Central Illinois hamburgers demand special attention. They hit the grill as spheres of beef and get spatula-smashed flat so their edges turn crisp and lacy as they cook. They’re plenty fatty and stay juicy however much they are pressed, but they are thin enough that a double makes good sense. Preferably a double with cheese, and with pickle, tomato, onion, ketchup, and mustard. So it is at Green Gables at the shore of Lake Bloomington. Each burger is presented swaddled in paper so that the whole package has quickly steamed into a great mound of savory goodness by the time it’s unwrapped. What a fine handful of food!
Sides are OK: deep fried cheese balls, deep fried corn nuggets, deep fried mozzarella sticks, cauliflower, onion rings, etc. The Italian beef sandwich we sampled was no big deal. It’s the burgers that put Green Gables on the Roadfood map.
The burgers … and the place itself.
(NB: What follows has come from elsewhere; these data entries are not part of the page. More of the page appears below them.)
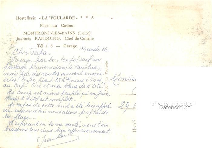 13585577 Montrond-les-Bains Hostellerie la Poularde Casino postalisch gelaufen Erhaltung siehe scans [KathaD81] carte postale Kath Katcode 11170042142149
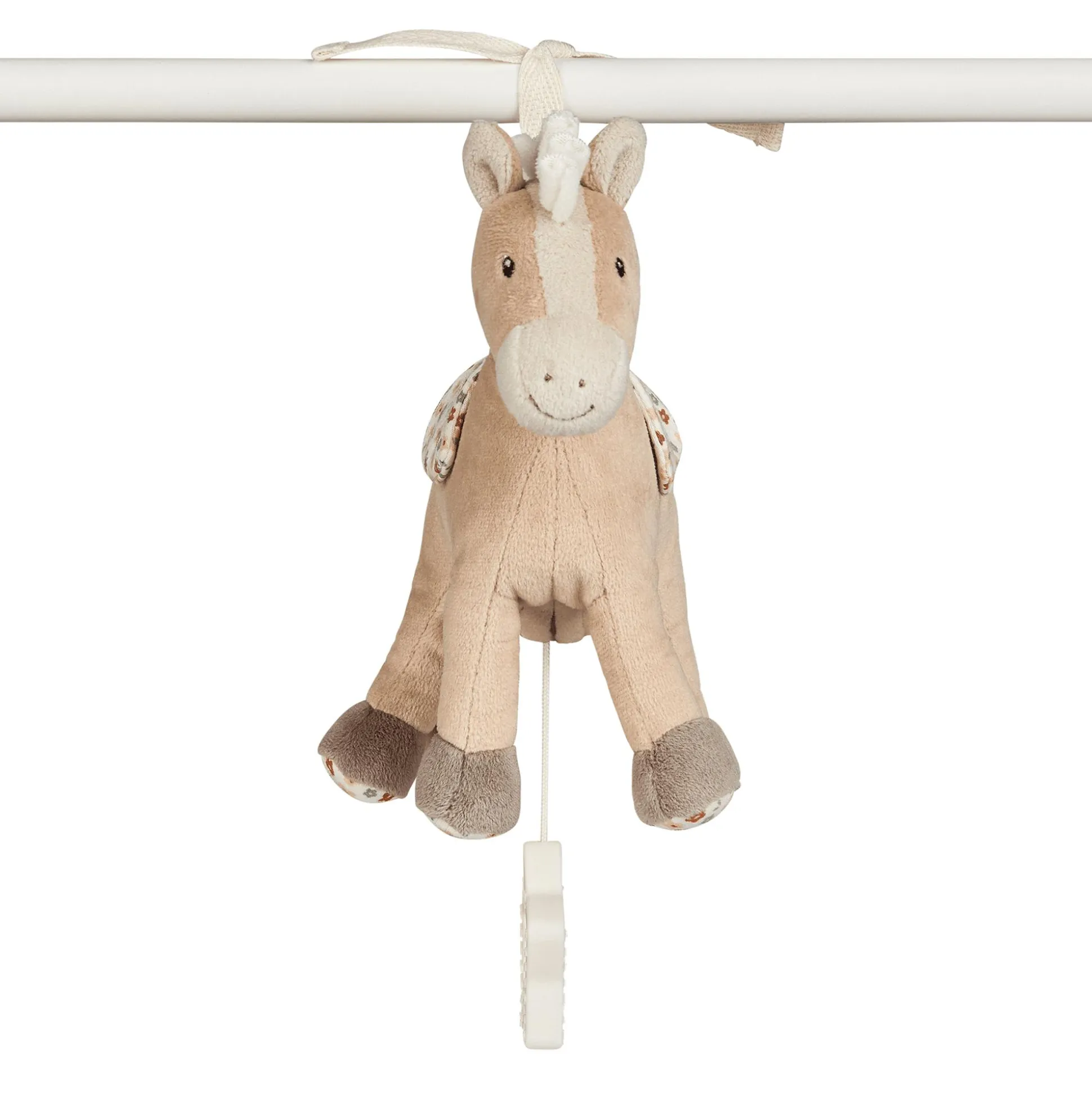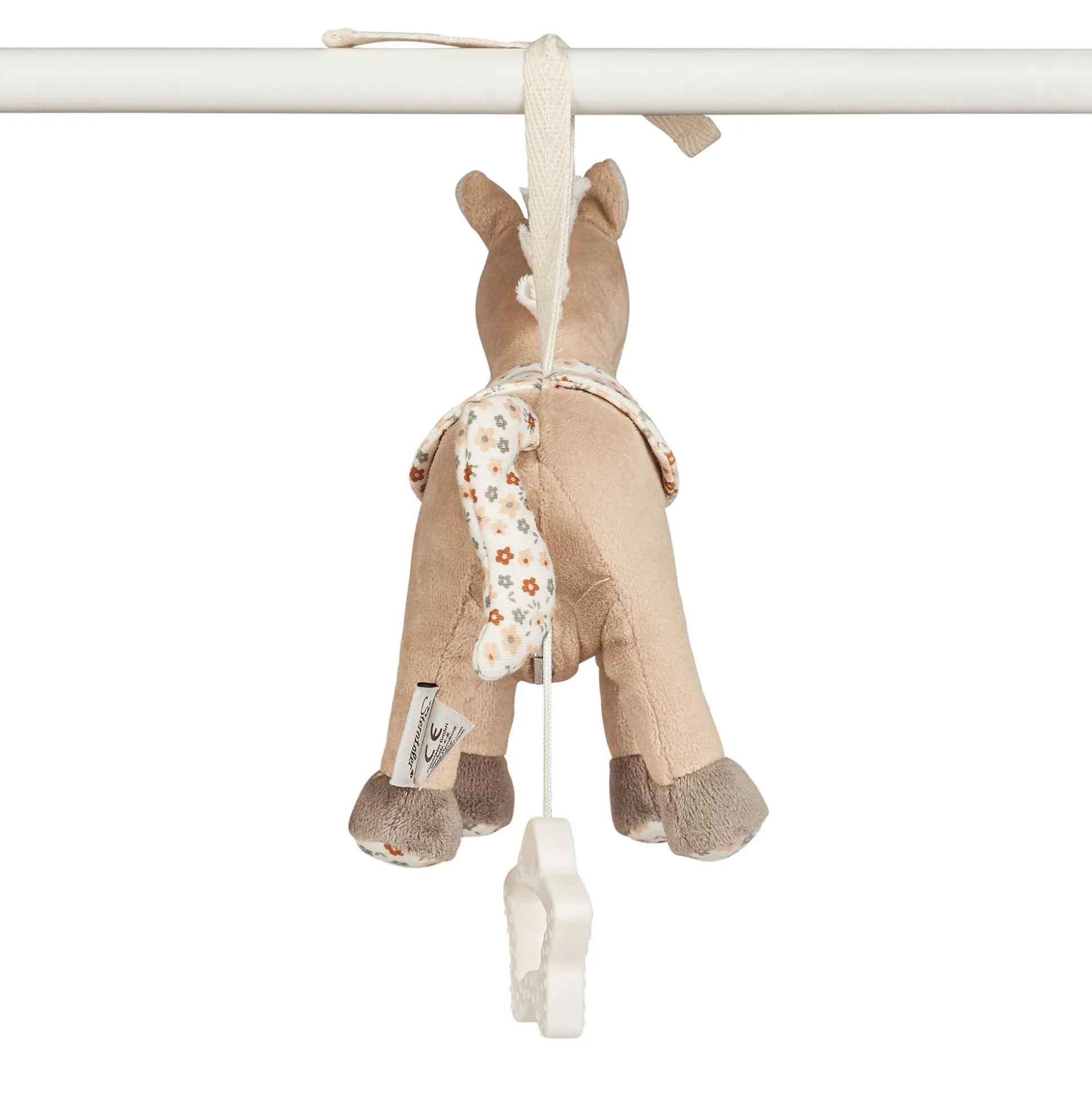 Mithilfe einer Spieluhr summt das kuschelige Pferd Sunny von Sterntaler dein Kind leise in den Schlaf. Ziehe einfach an der Schnur und schon erklingt eine beruhigende Melodie, die dein Baby sanft in den Schlaf wiegt. Dank der praktischen Schlaufe lässt sich die Spieluhr ganz leicht am Bettchen, am Kinderwagen oder am Autositz befestigen – so ist Sunny immer dabei.
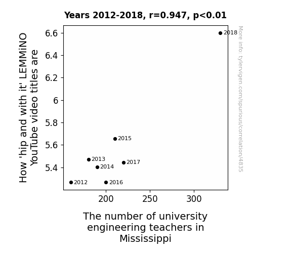 - The spurious research paper: The Connection Between How 'hip and with it' LEMMiNO YouTube Video Titles are and The Number of University Engineering Teachers in Mississippi: A Groovy Analysis
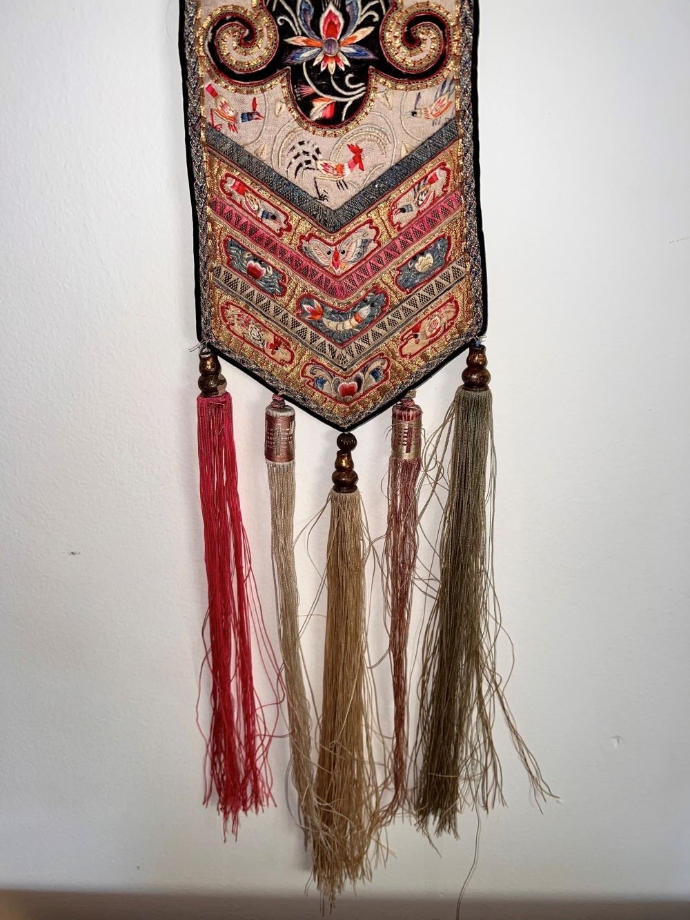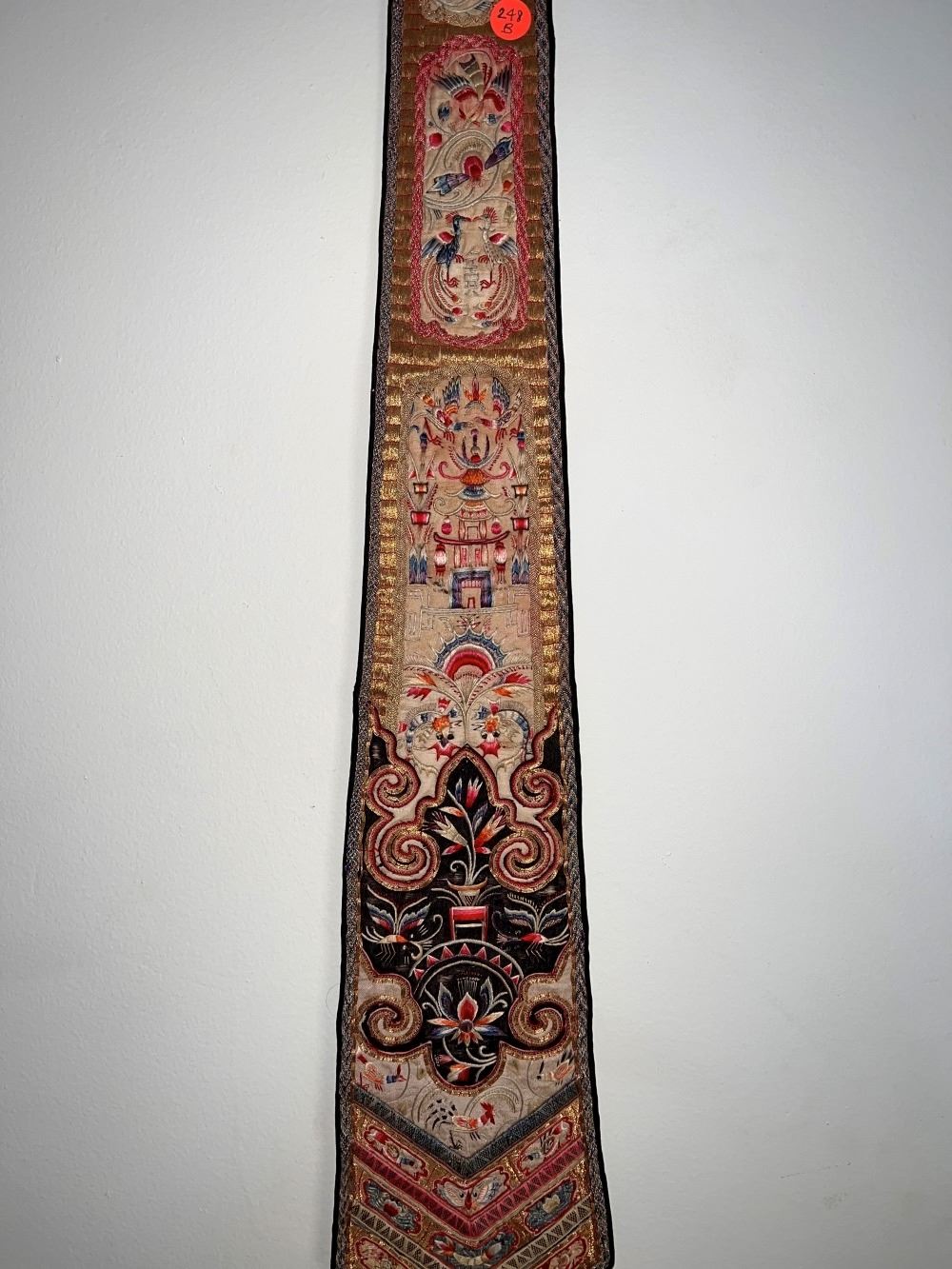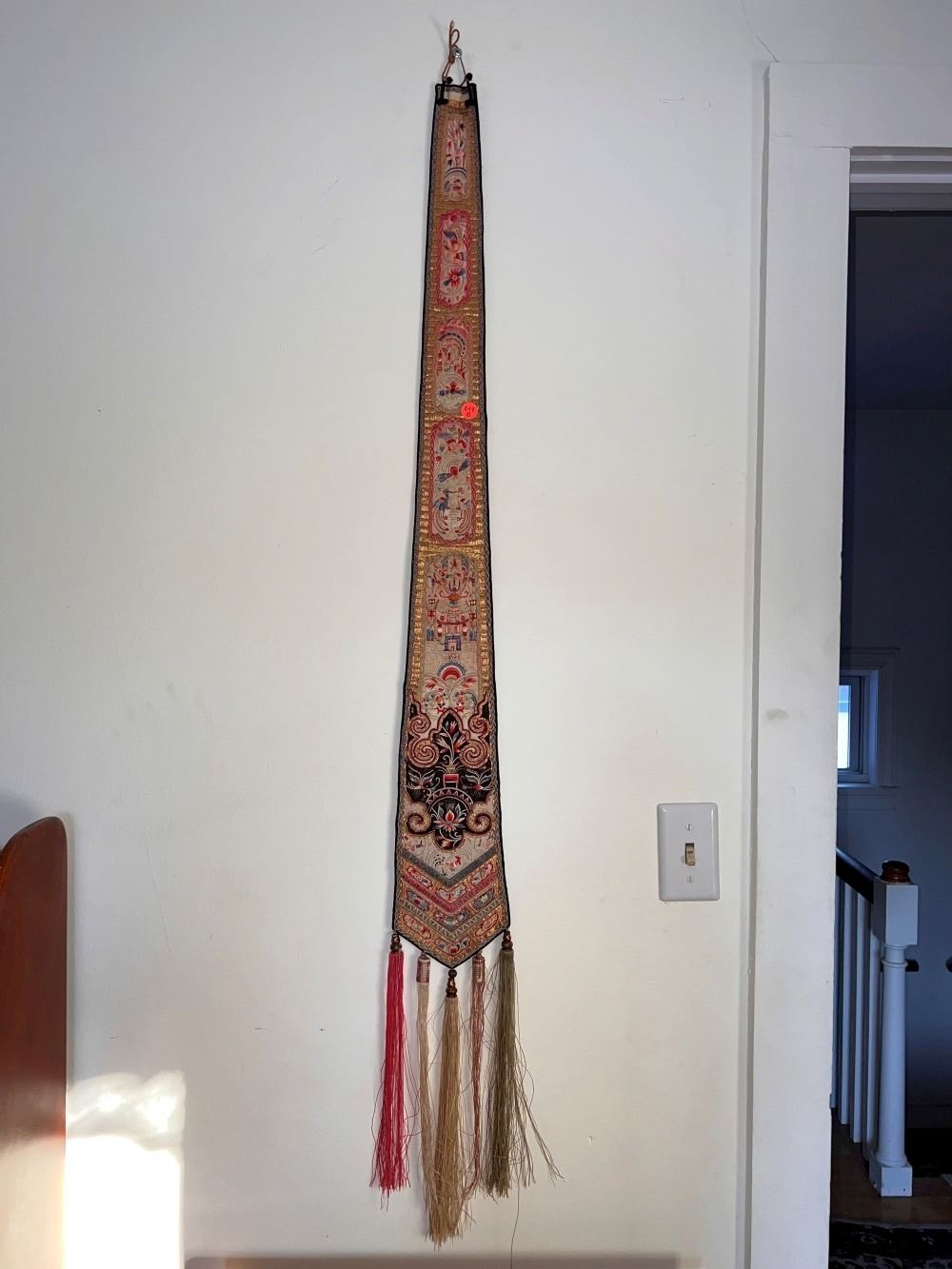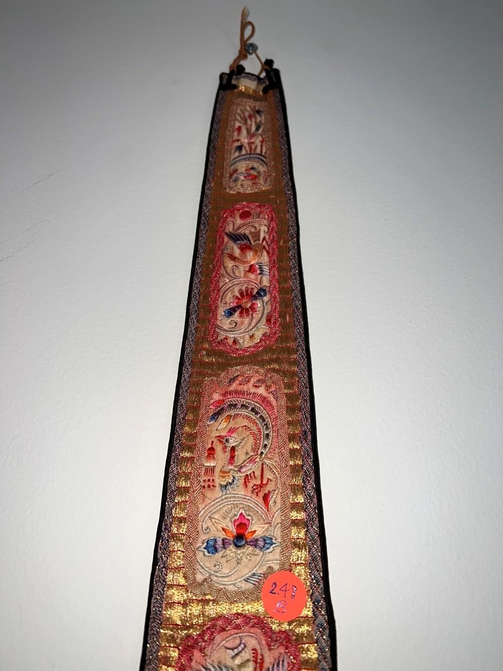 Oriental embroidered ribbon. Measures approx. 52 inches tall.
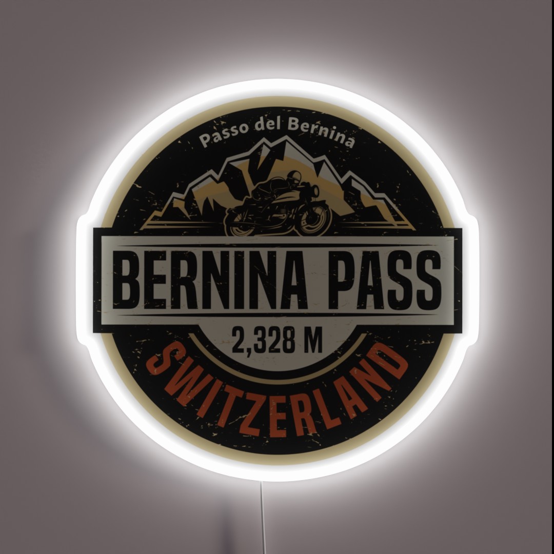 Unique RGB neon sign featuring the iconic Bernina Pass Passo del Bernina in Italy, perfect for adding a touch of Alpine charm to any room or space.
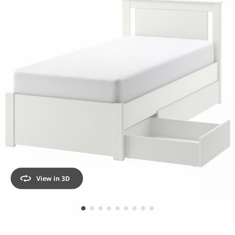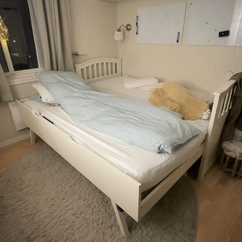 Lenke til seng: https://www.ikea.com/no/no/p/flekke-dagseng-med-2-skuffer-hvit-00320134/

It is an absolutely hypnotic kaleidoscope of culinary genres: a dark tavern with a pool table up front, a brightly-lit grocery in back (with shelves of products marshalled like they’re in a museum of contemporary Jell-O packages and detergent bottles), a liquor store, a town meeting place and also a bait shop, with a hyperbolic menu that tells customers they are in the “resort capital of the world” and they are about to experience “the best food known to man.”